In K v S EWHC 2386 (Comm), the English Court (the Court) dismissed a challenge to a procedural order of the LCIA arbitral panel. The challenge was filed under s68 of the 1996 Act on the grounds of serious irregularity. Still, it was dismissed for failing to meet any of the s68 requirements and for challenging a procedural order instead of an award. The judgment lays forth the parameters within which a section 68 challenge can be brought.


Court Decision:

The Court decided that K’s reliance on authorities, that section 68 had superseded the previous law of misconduct, and also that section 68 is exhaustive as to what establishes “serious irregularity affecting the… proceedings or the award.” Consequently, the Court ruled that there was no evidence of any irregularity, much alone a serious irregularity. It could also not be maintained that this was an exceptional situation in which the tribunal’s decision was so far from what might be reasonably expected that the Court should intervene. The Court had no cause to interfere with the tribunal’s decision or comment on whether it was right or wrong.
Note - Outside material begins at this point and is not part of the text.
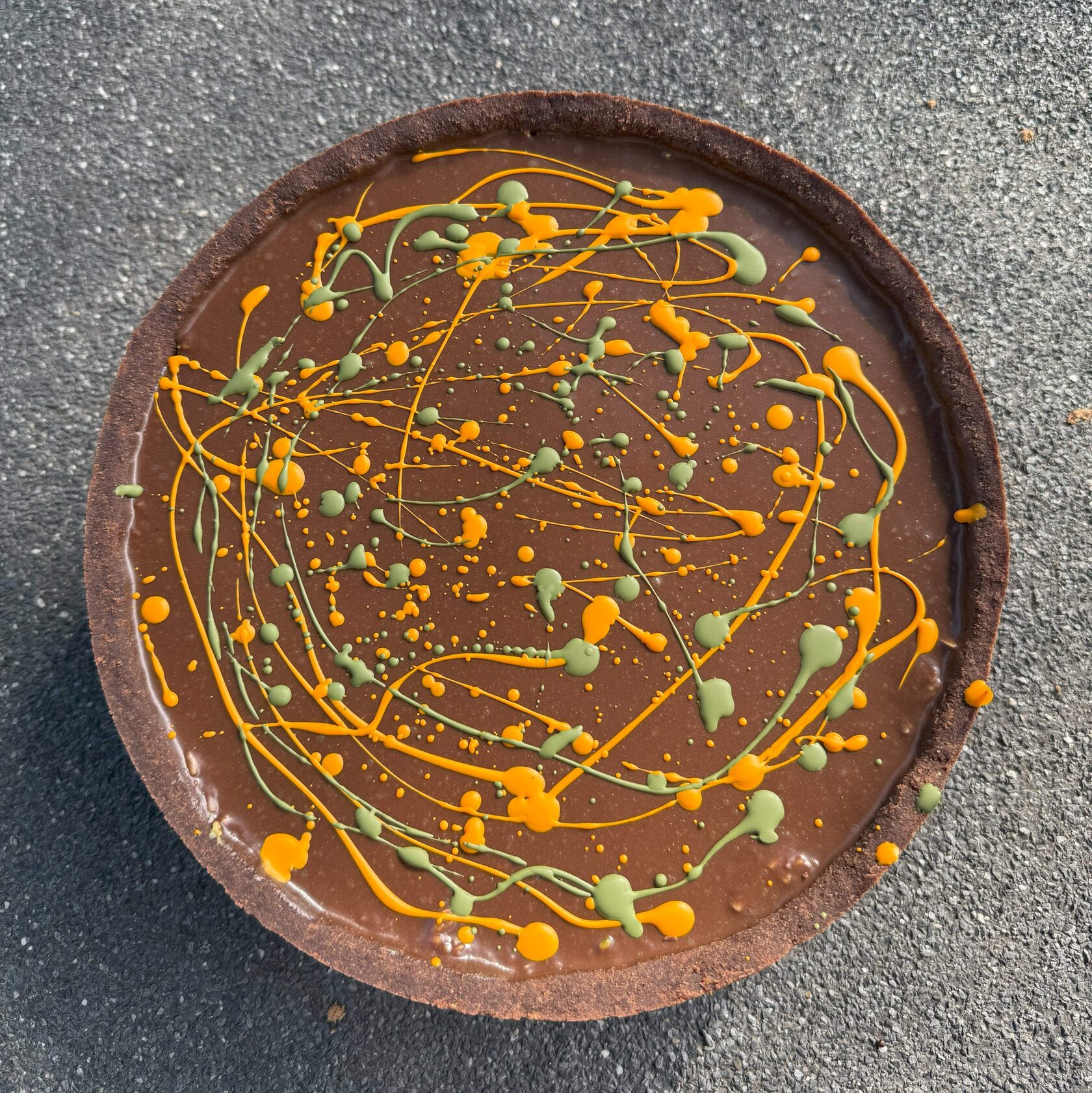 Пісочна шоколадна основа, крем-чіз з молочним шоколадом, катаїфі з фісташкою

5. Xstrata Coal Queensland P Ltd & Anor v Benxi Iron & Steel (Group) International Economic & Trading Co Ltd [2020] EWHC 324 (Comm)


Court Decision:

As a result, the Court granted the claimants’ application under section 68(2)(f) and had remitted the award to the said tribunal for reconsideration of the parties to the contract. The Court did not see the necessity to deal with the alternative application under section 68(2) due to the successful finding under section 68(2)(f) (c). This is a somewhat uncommon instance of a successful challenge under section 68 of the 1996 Act. The case indicates the English courts’ willingness to deal forcefully with ambiguity or uncertainties in awards that amount to serious irregularities under section 68 of the 1996 Act.